FANNO: Augmenting High-Quality Instruction Data with Open-Sourced LLMs Only

He Zhu,Junyou Su,Tianle Lun,Yicheng Tao,Wenjia Zhang,Zipei Fan,Guanhua Chen
2024-08-02
Abstract:Instruction fine-tuning stands as a crucial advancement in leveraging large language models (LLMs) for enhanced task performance. However, the annotation of instruction datasets has traditionally been expensive and laborious, often relying on manual annotations or costly API calls of proprietary LLMs. To address these challenges, we introduce FANNO, a fully autonomous, open-sourced framework that revolutionizes the annotation process without the need for pre-existing annotated data. Utilizing a Mistral-7b-instruct model, FANNO efficiently produces diverse and high-quality datasets through a structured process involving document pre-screening, instruction generation, and response generation.
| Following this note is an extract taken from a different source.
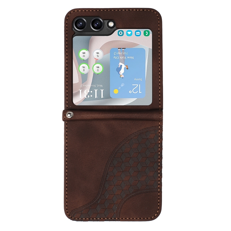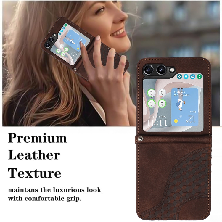 Funda para Samsung Galaxy Z Flip5 5G Yx0060 de Cuero con Relieve y Cabeza de Elefante con Cordón (Café)
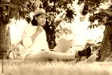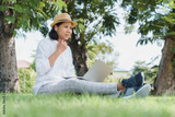Asian women wear hat are using laptop with wired headphones while sitting on grass green In the public park

Experiments on Open LLM Leaderboard and AlpacaEval benchmark show that the FANNO can generate high-quality data with diversity and complexity for free, comparable to human-annotated or cleaned datasets like Alpaca-GPT4-Cleaned.
Computation and Language
What problem does this paper attempt to address?
### The Problem This Paper Aims to Solve This paper aims to address the expensive and time-consuming issues present in the process of high-quality instruction data annotation. Specifically: 1. **Limitations of Traditional Annotation Methods**: - Current manual annotation methods are costly and can lead to inconsistent data quality, especially in terms of diversity and complexity. - The cost of using proprietary large language models (such as GPT-4) for API calls is also very high. 2. **Shortcomings of Existing Automatic Annotation Frameworks**: - Existing automatic annotation frameworks either rely on expensive API calls or require manually created seed datasets, making it difficult to achieve ideal results in terms of diversity and complexity. To tackle these issues, the paper proposes the FANNO framework, a fully autonomous, open-source framework capable of efficiently generating diverse and high-quality instruction datasets without the need for pre-annotated data. Through three stages—document pre-screening, instruction generation, and response generation—FANNO can significantly improve the quality and diversity of instruction data without increasing costs. Experimental results show that the datasets generated by FANNO are comparable to manually annotated datasets in terms of diversity and complexity, and even outperform them on certain metrics. This indicates that FANNO has significant advantages in instruction data generation.